Records from a data source:
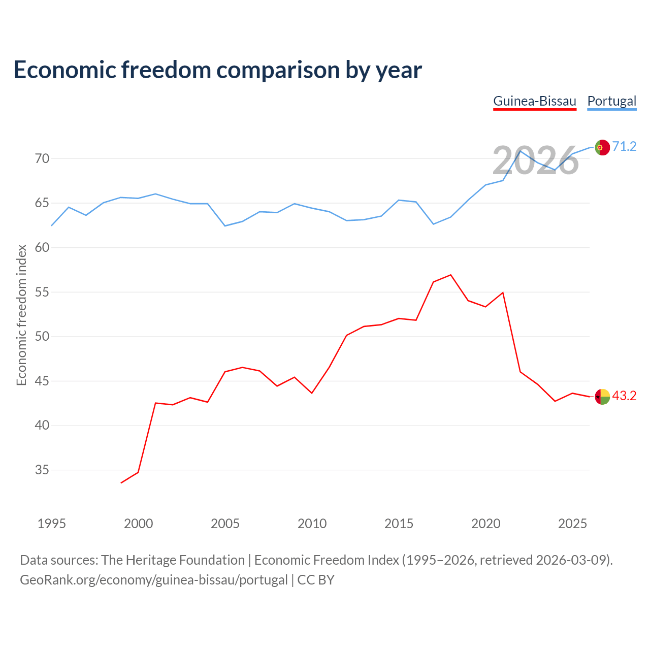 The Economic Freedom Index for Guinea-Bissau is 43.2, ranking 181/197, compared to 71.2 for Portugal, ranking 33/197. The chart above displays a comparison of annual changes in economic freedom indexes.
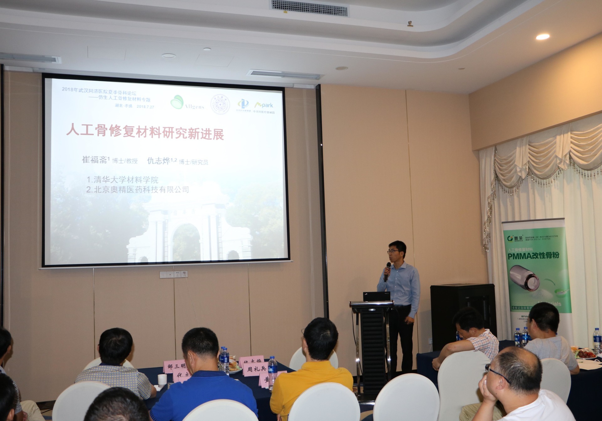 清华大学研究员、奥精医药科技有限公司副总经理仇志烨博士针对《人工骨修复材料研究新进展》进行了专题报告,对目前骨修复材料的发展趋势及我公司产品的技术优势做了详细讲解,从材料学的角度详细讲解了各种品规产品的适应症和特点,并向与会专家系统介绍了仿生矿化胶原”骼金“人工骨修复材料在脊柱、关节、创伤、骨肿瘤等各类骨缺损中的临床应用。
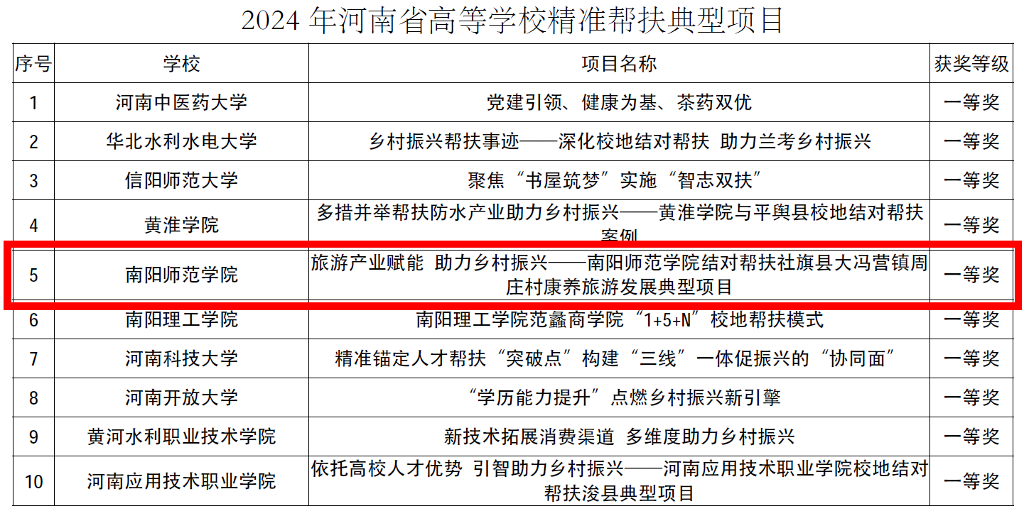 本网讯(通讯员 赵菲菲)近日,河南省教育厅公布 2024 年河南省高等学校精准帮扶典型项目推选结果,新葡萄官网申报的“旅游产业赋能 助力乡村振兴——新葡萄8883官网AMG结对帮扶社旗县大冯营镇周庄村康养旅游发展典型项目”获评一等奖。
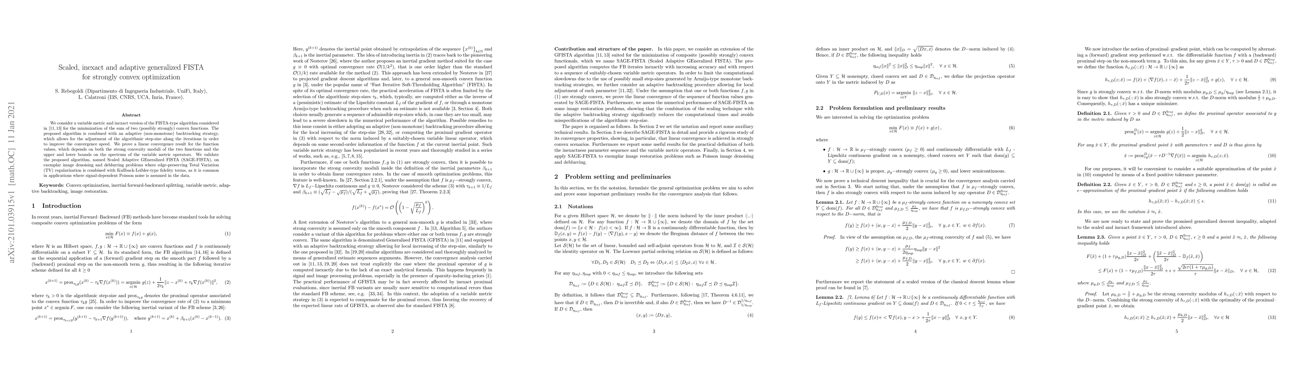 This paper proposes a scaled, inexact, and adaptive version of the FISTA algorithm, named SAGE-FISTA, for minimizing the sum of strongly convex functions. The algorithm incorporates an adaptive backtracking strategy to adjust step-sizes, achieving linear convergence dependent on function convexity and metric operator spectrum bounds. The method is validated on image denoising and deblurring tasks using edge-preserving regularization.
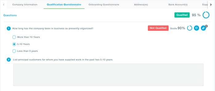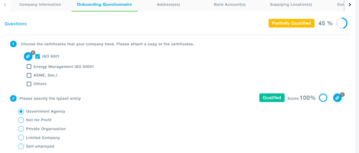 If there are onboarding questions that are the same as the Qualifications questionnaire, the answers provided by the supplier during the qualification questionnaire round will be automatically fetched.
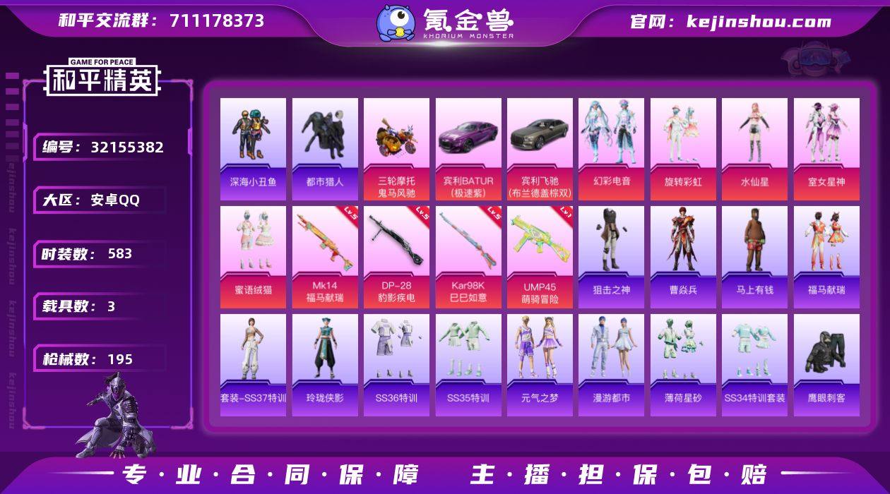 实名: 可修改 时装数: 583 载具数: 3 枪械数: 195 战备数: 174 热门装扮: 深海小丑鱼,鹰眼刺客,都市猎人,旋转彩虹,水仙星,室女星神,蜜语绒猫,幻彩电音 载具: 鬼马风驰,宾利BATUR(极速紫),宾利飞驰(布罗德盖棕双色) 稀有枪皮: Kar98K-巳巳如意,DP-28-豹影疾电,UMP45-萌骑冒险
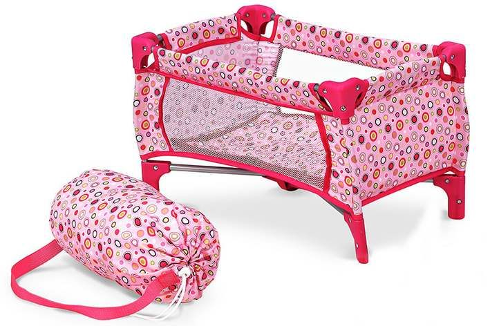 Cestovní postýlka je určená pro panenky do velikosti 46 cm. Je laděná do růžové barvy, zdobená puntíky.
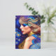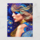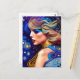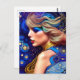 O rosto de uma mulher loira com bela sombra azul no meio de uma galáxia abstrato gerada pela IA
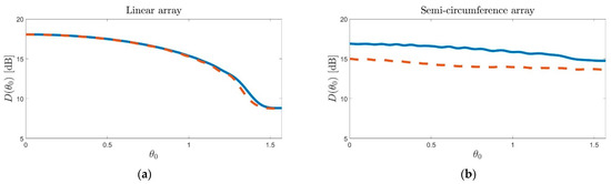 Let us consider the simple example of an array with rectilinear or semi-circumference support of length , and isotropic elements uniformly distributed. Then, the effectiveness of the upper-bound (4) is tested for both the geometries by comparing it with (10) and (11): in Figure 3, indeed, it is shown that the directivities values relative to the field produced by (8) (dashed red line) when changing the focusing angle are always less than or equal to the upper-bound (blue line), which represents the directivity value due to the field (6). In particular, when the linear array is considered (Figure 3a), the two curves almost overlap, meaning that the field due to (8) can be expanded as in (6), i.e., element excitations (9) provide the maximum directivity in a wide angular range.
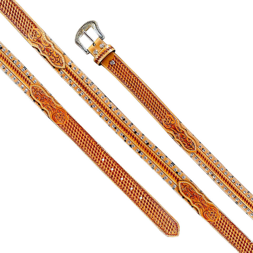 Exclusive Unisex Classic Vintage Western Hand Tooling Formal Leather Belt Dual Leather Strip Studs Imported Genuine Cow Leather
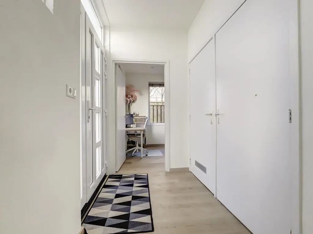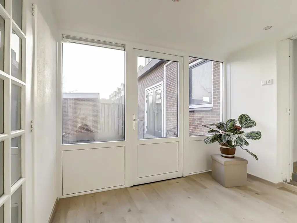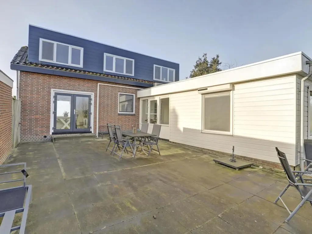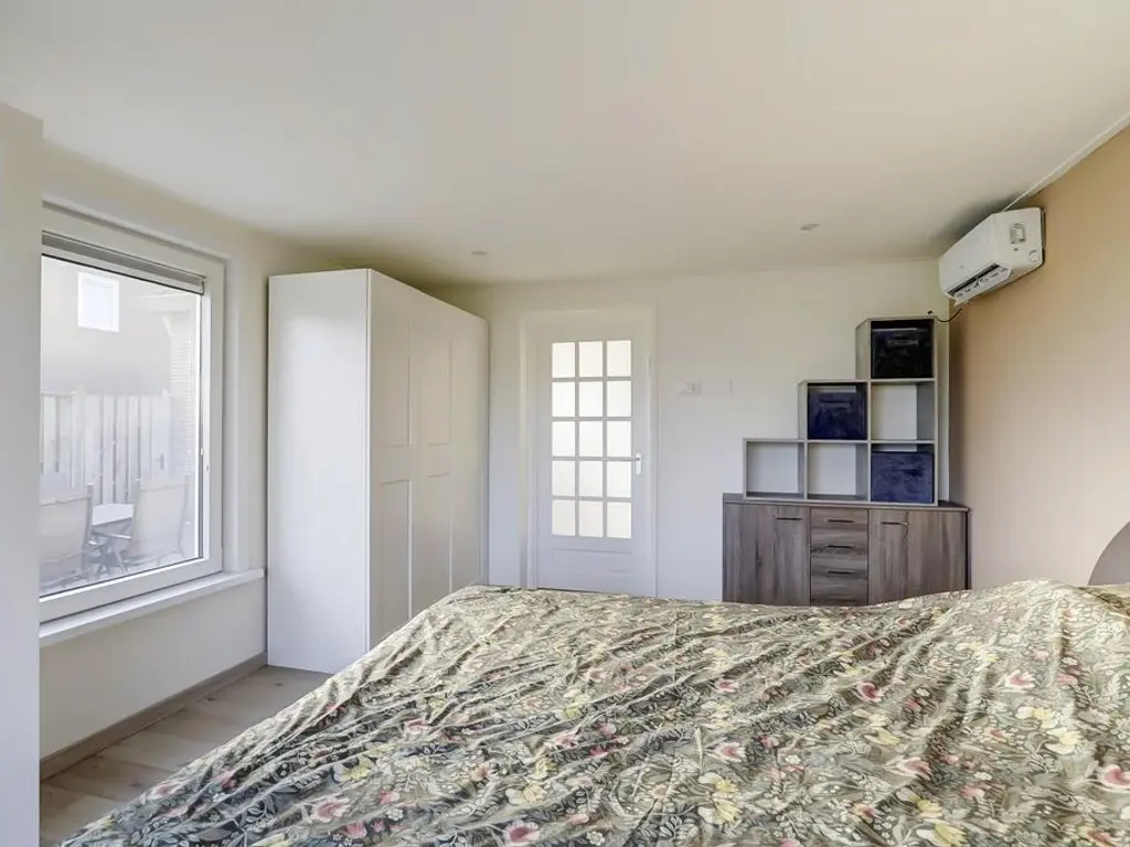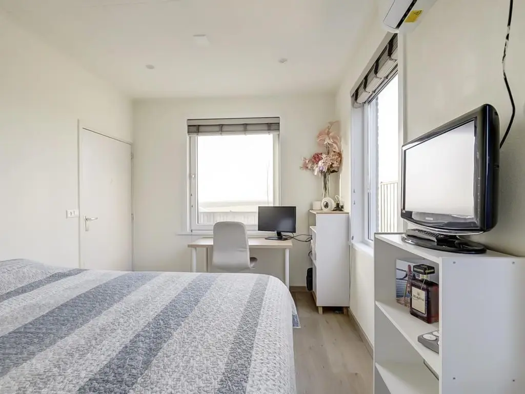 Aan de achterzijde van de woning bevindt zich een grote aanbouw met een extra hal en een ruime bijkeuken. Vanuit deze hal bereikt u de tweede royale slaapkamer op de begane grond, welke eveneens voorzien is van airconditioning.
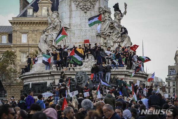 [파리=AP/뉴시스] 22일(현지시각) 프랑스 파리에서 팔레스타인-이스라엘의 지속적 평화를 위한 집회가 열려 참석자들이 팔레스타인 깃발을 흔들고 있다. 2023.10.23.

» **Instructions for the task**
Without including any picture, print all of the entries above exactly.

» **Output below**
 The Economic Freedom Index for Guinea-Bissau is 43.2, ranking 181/197, compared to 71.2 for Portugal, ranking 33/197. The chart above displays a comparison of annual changes in economic freedom indexes.
 清华大学研究员、奥精医药科技有限公司副总经理仇志烨博士针对《人工骨修复材料研究新进展》进行了专题报告,对目前骨修复材料的发展趋势及我公司产品的技术优势做了详细讲解,从材料学的角度详细讲解了各种品规产品的适应症和特点,并向与会专家系统介绍了仿生矿化胶原”骼金“人工骨修复材料在脊柱、关节、创伤、骨肿瘤等各类骨缺损中的临床应用。
 本网讯(通讯员 赵菲菲)近日,河南省教育厅公布 2024 年河南省高等学校精准帮扶典型项目推选结果,新葡萄官网申报的“旅游产业赋能 助力乡村振兴——新葡萄8883官网AMG结对帮扶社旗县大冯营镇周庄村康养旅游发展典型项目”获评一等奖。
 This paper proposes a scaled, inexact, and adaptive version of the FISTA algorithm, named SAGE-FISTA, for minimizing the sum of strongly convex functions. The algorithm incorporates an adaptive backtracking strategy to adjust step-sizes, achieving linear convergence dependent on function convexity and metric operator spectrum bounds. The method is validated on image denoising and deblurring tasks using edge-preserving regularization.
 If there are onboarding questions that are the same as the Qualifications questionnaire, the answers provided by the supplier during the qualification questionnaire round will be automatically fetched.
 实名: 可修改 时装数: 583 载具数: 3 枪械数: 195 战备数: 174 热门装扮: 深海小丑鱼,鹰眼刺客,都市猎人,旋转彩虹,水仙星,室女星神,蜜语绒猫,幻彩电音 载具: 鬼马风驰,宾利BATUR(极速紫),宾利飞驰(布罗德盖棕双色) 稀有枪皮: Kar98K-巳巳如意,DP-28-豹影疾电,UMP45-萌骑冒险
 Cestovní postýlka je určená pro panenky do velikosti 46 cm. Je laděná do růžové barvy, zdobená puntíky.
 O rosto de uma mulher loira com bela sombra azul no meio de uma galáxia abstrato gerada pela IA
 Let us consider the simple example of an array with rectilinear or semi-circumference support of length , and isotropic elements uniformly distributed. Then, the effectiveness of the upper-bound (4) is tested for both the geometries by comparing it with (10) and (11): in Figure 3, indeed, it is shown that the directivities values relative to the field produced by (8) (dashed red line) when changing the focusing angle are always less than or equal to the upper-bound (blue line), which represents the directivity value due to the field (6). In particular, when the linear array is considered (Figure 3a), the two curves almost overlap, meaning that the field due to (8) can be expanded as in (6), i.e., element excitations (9) provide the maximum directivity in a wide angular range.
 Exclusive Unisex Classic Vintage Western Hand Tooling Formal Leather Belt Dual Leather Strip Studs Imported Genuine Cow Leather
 Aan de achterzijde van de woning bevindt zich een grote aanbouw met een extra hal en een ruime bijkeuken. Vanuit deze hal bereikt u de tweede royale slaapkamer op de begane grond, welke eveneens voorzien is van airconditioning.
 [파리=AP/뉴시스] 22일(현지시각) 프랑스 파리에서 팔레스타인-이스라엘의 지속적 평화를 위한 집회가 열려 참석자들이 팔레스타인 깃발을 흔들고 있다. 2023.10.23.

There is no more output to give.